439 seats in the regional parliaments of Andalusia, Asturias, the Basque Country, Catalonia and Galicia
- Regional administrations by leading party in 2012
| National parties PP (11+2) PSOE (2) | Regional parties CiU (1) EAJ/PNV (1) CC (1) UPN (1) |

= 2012 Spanish regional elections =

Regional elections were held in Spain during 2012 to elect the regional parliaments of five of the seventeen autonomous communities: Andalusia, Asturias, the Basque Country, Catalonia and Galicia. 439 of 1,218 seats in the regional parliaments were up for election. The elections were held on 25 March in Andalusia and Asturias, on 21 October in the Basque Country, and on 25 November in Catalonia.

==Election date==
Determination of election day varied depending on the autonomous community. Typically, most autonomous communities held their elections on the fourth Sunday of May every four years, concurrently with nationwide local elections, while others had their own, separate electoral cycles. In some cases, regional presidents had the prerogative to dissolve parliament and call for extra elections at a different time, but newly elected assemblies were restricted to serving out what remained of their previous four year-terms without altering the period to their next ordinary election.

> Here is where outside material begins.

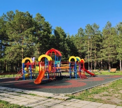 Территория красивая. Детская площадка с качелями.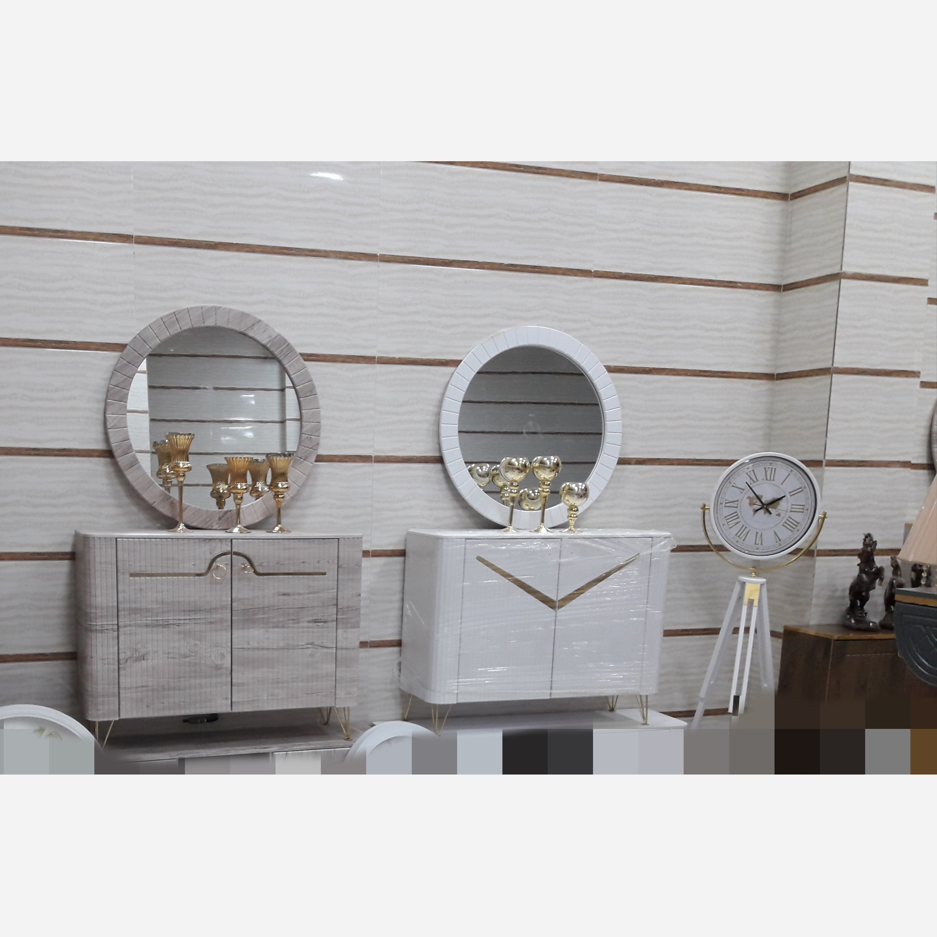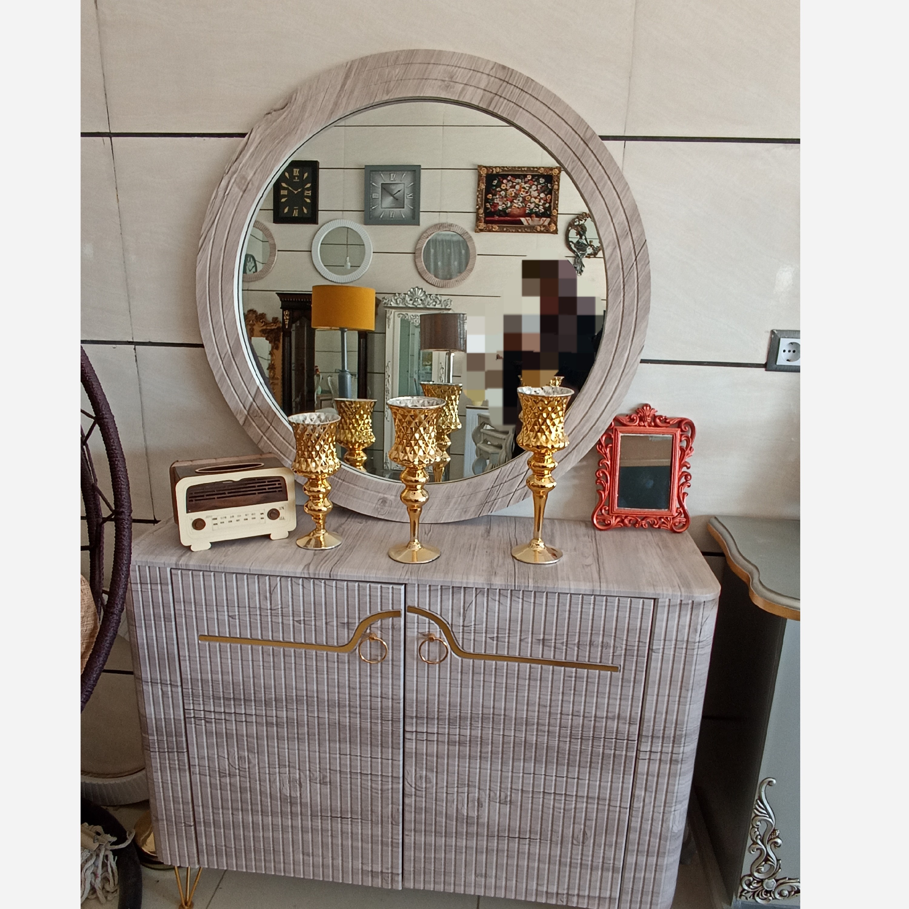 آینه کنسول دوطرف خم جنس ترکیبی امدیاف با ملامینه با وکیوم کره ای ضدخش آینه گرد سایز بزرگ پایه و دستگیره فلزی ابکاری فورتیک طول120/عمق35/ارتفاع90 تولیدی مصنوعات چوبی ماهون

In other cases—Andalusia (since 1994), Aragon (2007), the Balearic Islands (2007), the Basque Country (1981), Castile and León (2007), Catalonia (1985), Extremadura (2011), Galicia (1985), Navarre (2010) and the Valencian Community (2006)—the law granted regional presidents the power to call snap elections resulting in fresh four-year parliamentary terms.

==Regional governments==
The following table lists party control in autonomous communities and cities. Gains for a party are highlighted in that party's colour.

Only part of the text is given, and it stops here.